DATASET EXTRACT
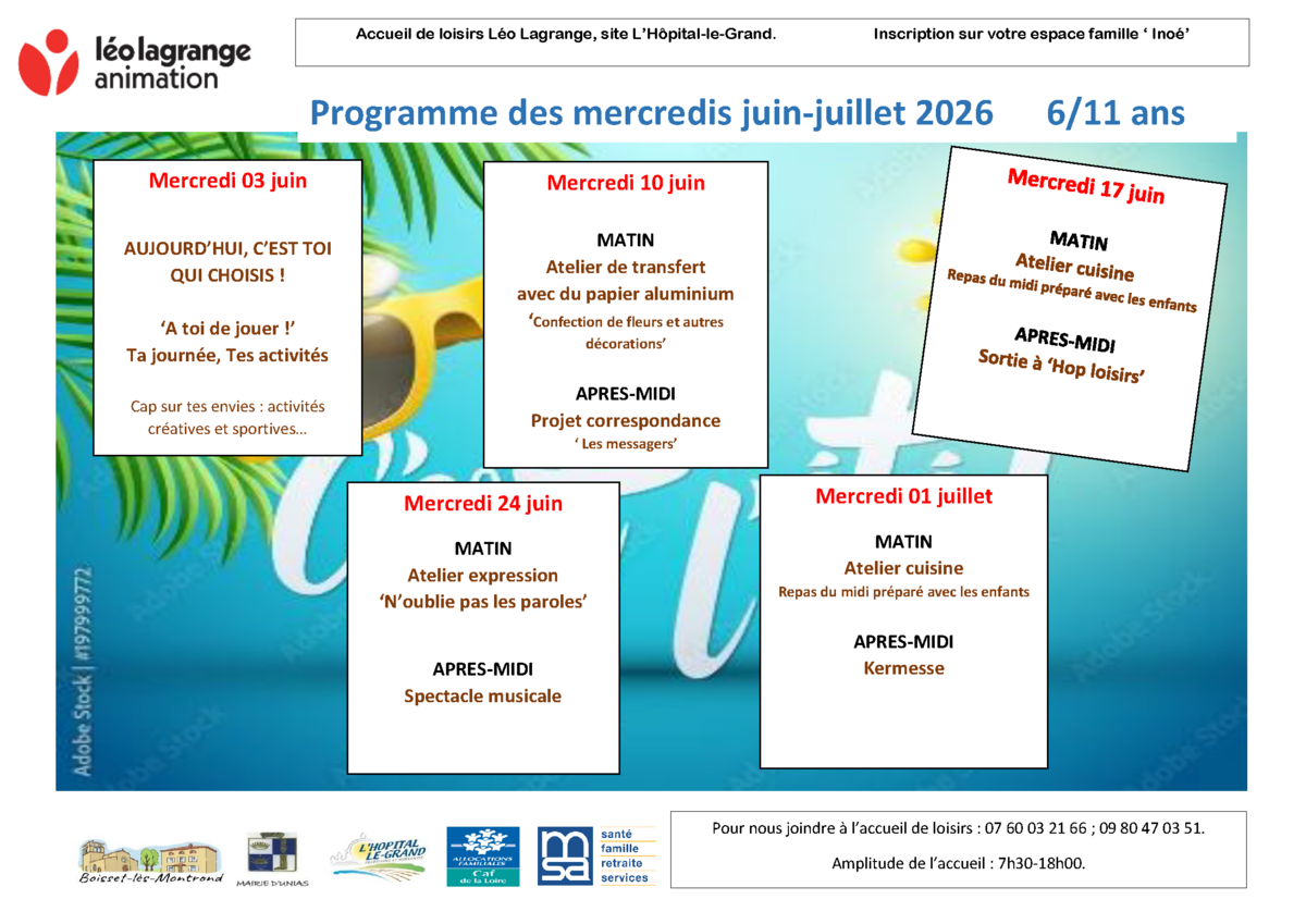 Accueil de loisirs – Programme des mercredis avril à juillet 2026 – accueil de loisirs Léo Lagrange 07/04/2026 Lire la suite
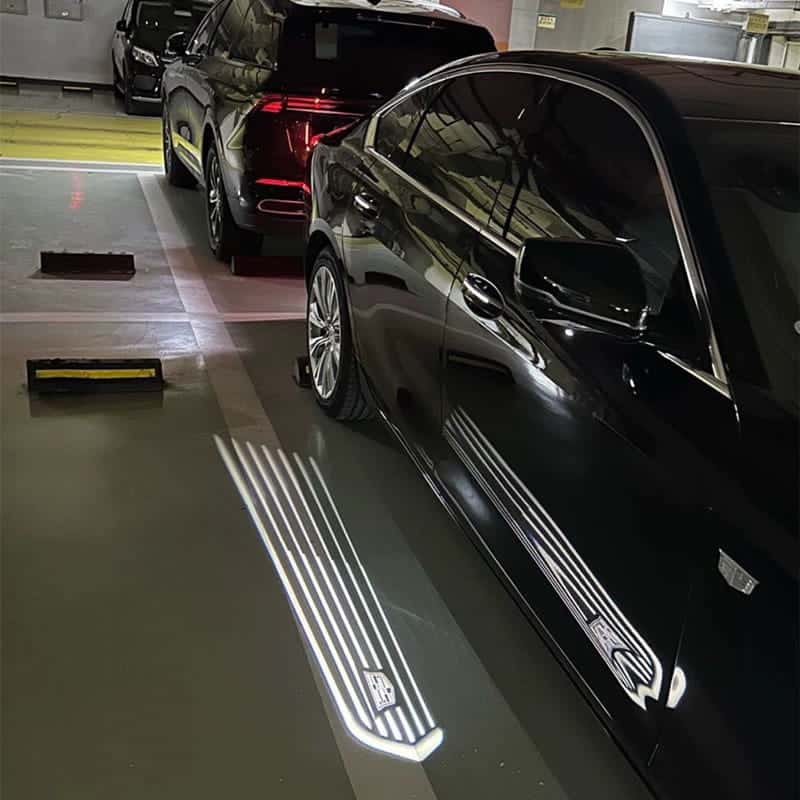 2,Vivid Clarity: Our car mirror lighting, equipped with a high-brightness LED chip, ensures a clear view near your car door. The Cadillac logo shines brightly with vivid colors and high-definition precision, facilitating seamless entry and inspection.
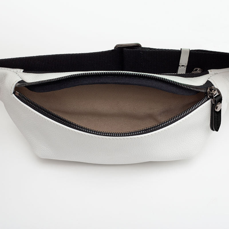 Den justerbara remmen låter väskan sitta tajt runt midjan eller bäras över kroppen. Det lena eller texturerade Nappalädret ger väskan den snygga läderlooken samtidigt som det är en perfekt målarduk för skarpa, ljusa och långvariga tryck.
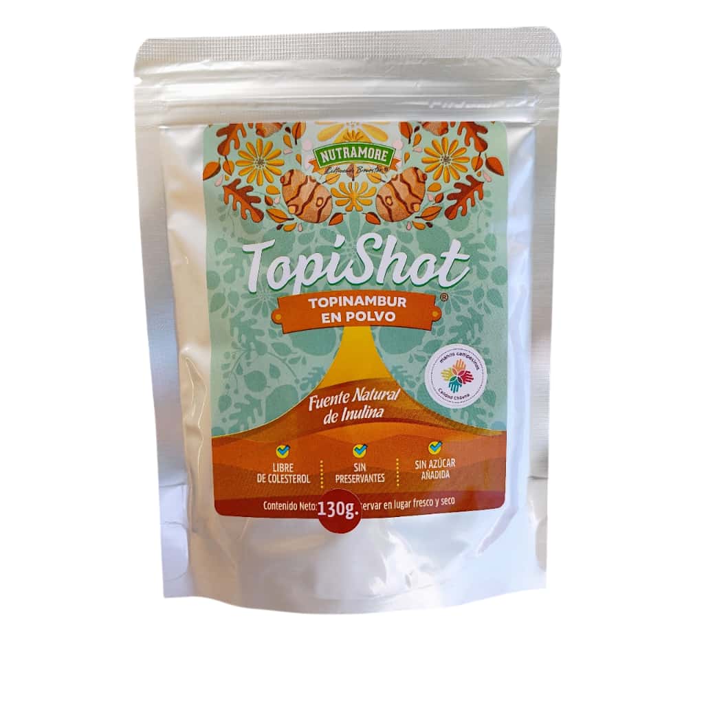 TopiShot es un alimento funcional integral elaborado a partir de topinambur 100% natural, deshidratado y molido. Su raíz es fuente vegetal rica en fibra funcional prebiótica, inulina, FOS, minerales y compuestos vegetales naturales que contribuyen a una digestión equilibrada y al bienestar intestinal.Elaborado con raíces seleccionadas y cultivadas en Chile bajo prácticas agroecológicas, TopiShot conserva sus nutrientes gracias a un proceso de deshidratado lento y temperatura controlada.

DIRECTIONS
In the listing above, find the line containing "2,Vivid Clarity: Our" and the line containing "Den justerbara remmen". Reproduce those lines and all between them exactly, with no pictures and nothing more.

ANSWER SECTION
 2,Vivid Clarity: Our car mirror lighting, equipped with a high-brightness LED chip, ensures a clear view near your car door. The Cadillac logo shines brightly with vivid colors and high-definition precision, facilitating seamless entry and inspection.
 Den justerbara remmen låter väskan sitta tajt runt midjan eller bäras över kroppen. Det lena eller texturerade Nappalädret ger väskan den snygga läderlooken samtidigt som det är en perfekt målarduk för skarpa, ljusa och långvariga tryck.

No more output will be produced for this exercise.